Although not directly benefiting from the rugby, Adrienne McCrory, owner of Hemingway’s Cafe, is in favour of the approved expansion. “They have a huge amount of conferences and exhibitions which bring a huge amount of people to the area which is very beneficial to us.

“I know a lot of the businesses around here, and I can understand why they would want it to be expanded because it does generate a huge amount of business.”

Mr Byrne hopes that the RDS will start listening to the concerns of the residents, although concedes that an appeal to An Bord Pleanála is the more realistic option. “If the RDS have any cop on, they might actually even go, ‘well actually, you know, maybe we should address this whole traffic issue now.’ They have it in their power to do it, they just need to focus their minds.
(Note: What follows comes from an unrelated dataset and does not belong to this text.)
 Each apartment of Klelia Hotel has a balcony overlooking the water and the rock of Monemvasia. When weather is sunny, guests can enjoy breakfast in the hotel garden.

“Unfortunately now it will end up in An Bord Pleanála and I don’t like because it costs everybody money at the end of the day, but unfortunately it wasn’t our decision,” he says.

An RDS statement says that the society is “delighted” to receive notification of the council’s decision to grant planning permission.

“It is a considerable step along the planning process and one that brings the new Stand closer to realisation. The new facility will create a top class experience for visitors and positively impact on the Dublin Horse Show, Leinster Rugby and any other events held in the RDS Main Arena.”

Demolition work is scheduled to begin in late 2017, with a construction period of twelve to fifteen months.

A version of this article appeared in The Irish Times in October 2016.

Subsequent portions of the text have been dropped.